**WHAT NEEDS TO BE DONE**
Your answer must consist solely of the lines from the one containing "È possibile avviare" through the last line of the records below, reproduced exactly, with all pictures omitted.

**DATA EXTRACTS**
———
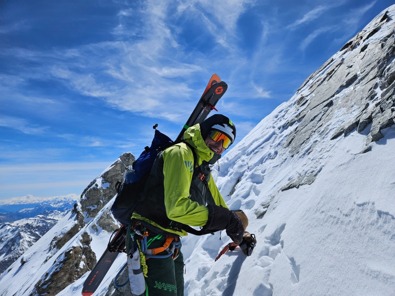 Conditions pour le ski : entre bonnes et excellentes dans la face nord des arêtes de la Meije : poudre tassée et frisottée de printemps majoritairement et neige froide lisse et matée à 3900 m. Serret du Savon : croûte gelée béton, un peu de neige fraîche tout en haut.
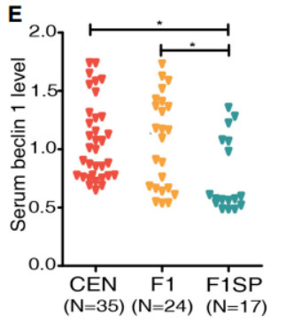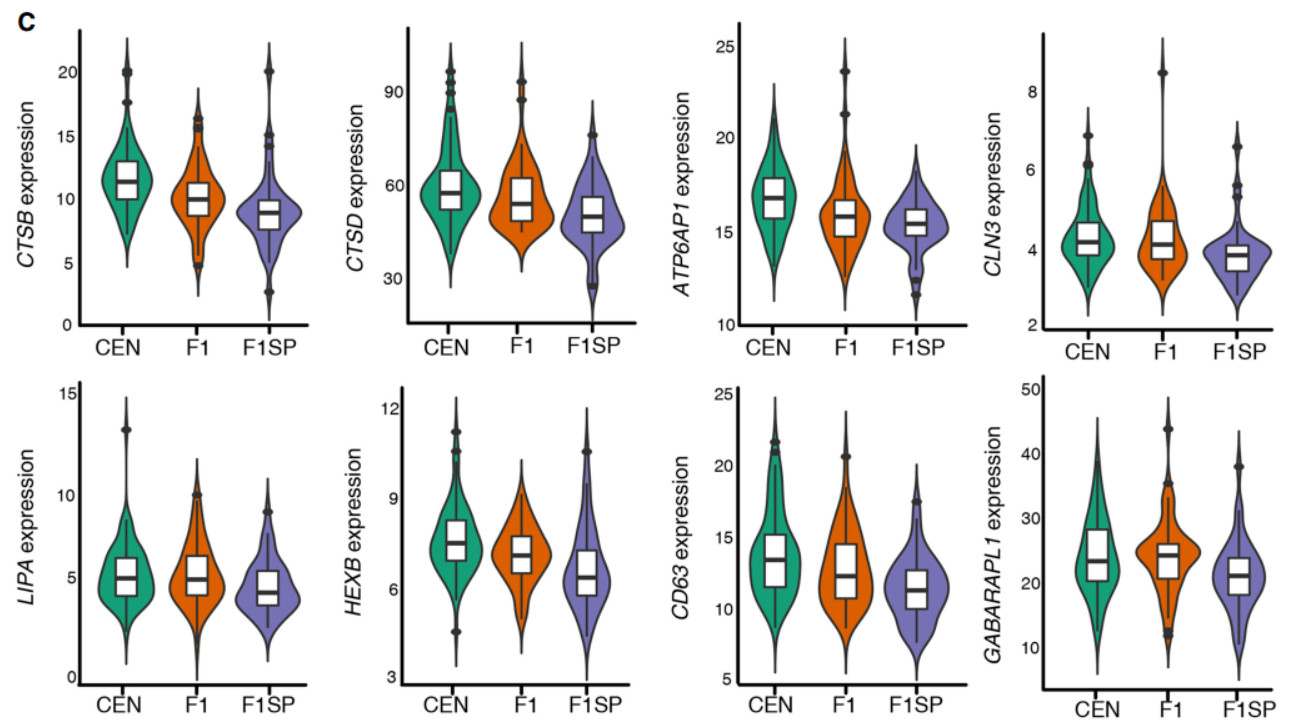 接下来,我们测定了调节溶酶体生物发生和自噬过程的促自噬蛋白,在已进行RNA测序的样本中,包括CENs、F1s和F1SPs。与以前关于长寿种群的研究一致,我们的CEN样本也比F1SP组的血清beclin1浓度高,表明这些CENs中的自噬/溶酶体活性增强。
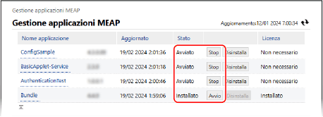 È possibile avviare e interrompere l'utilizzo delle applicazioni MEAP e disinstallarle. È inoltre possibile impostare le informazioni di autenticazione delle applicazioni.
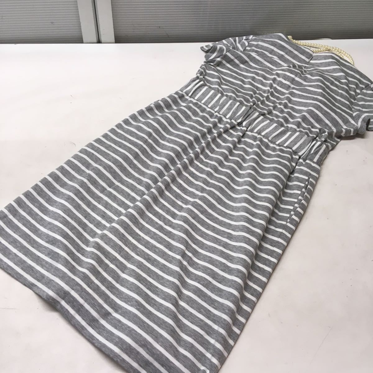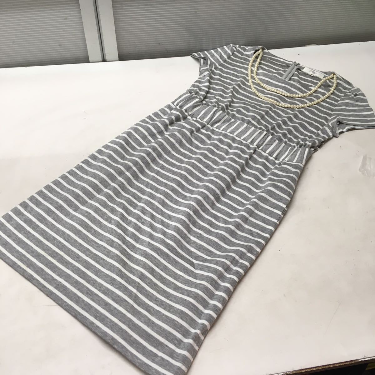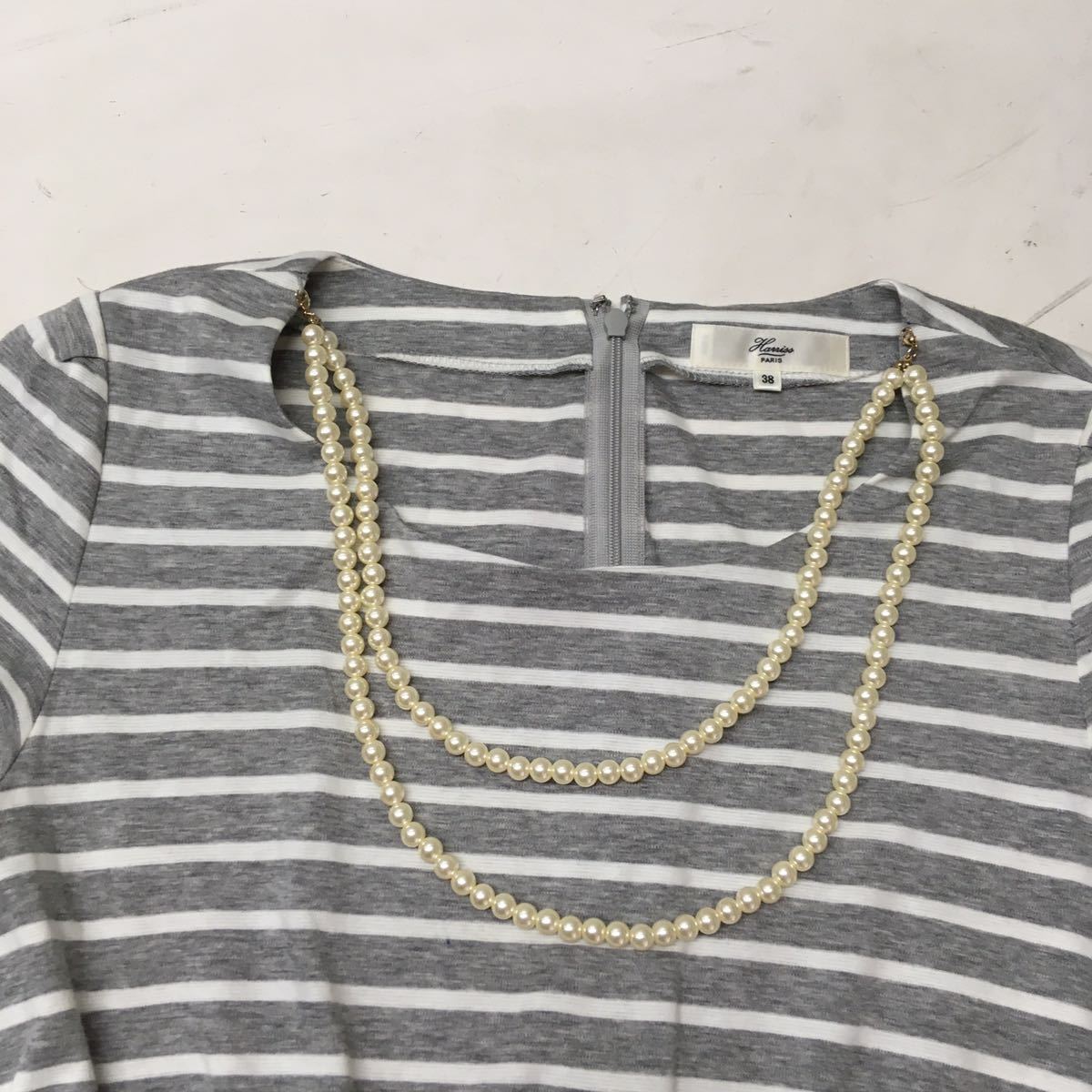 送料無料★Haniss PARIS★ドレスワンピース ボーダーワンピース パールネックレス取り外し可能 スカートワンピース★38 #51031sjj34
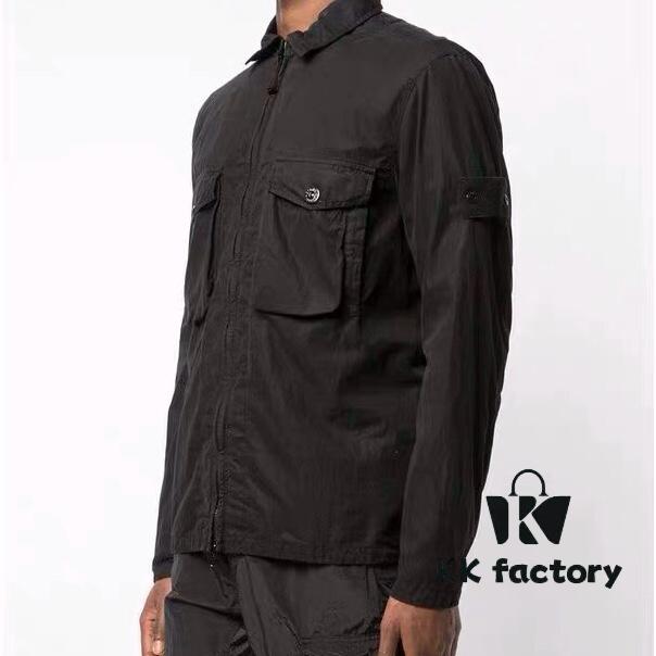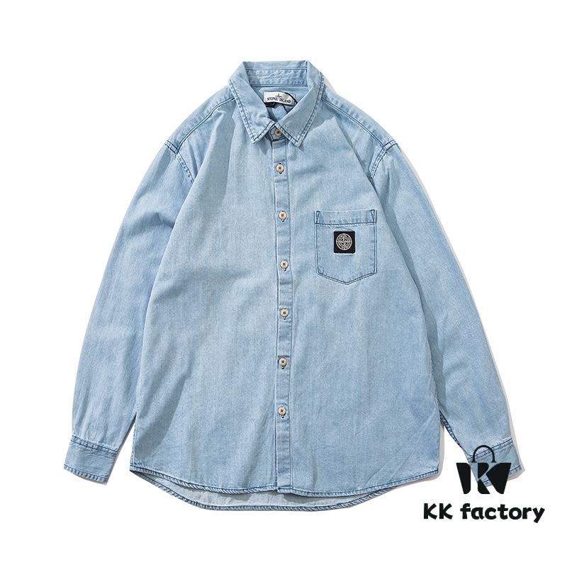 Stone Island Classic Embroidered Logo Patch Denim Shirt Jacket Long Sleeve Cardigan Shirt, Two Colors, M-XXL
———
**RESULT OF THIS EXERCISE**
 È possibile avviare e interrompere l'utilizzo delle applicazioni MEAP e disinstallarle. È inoltre possibile impostare le informazioni di autenticazione delle applicazioni.
 送料無料★Haniss PARIS★ドレスワンピース ボーダーワンピース パールネックレス取り外し可能 スカートワンピース★38 #51031sjj34
 Stone Island Classic Embroidered Logo Patch Denim Shirt Jacket Long Sleeve Cardigan Shirt, Two Colors, M-XXL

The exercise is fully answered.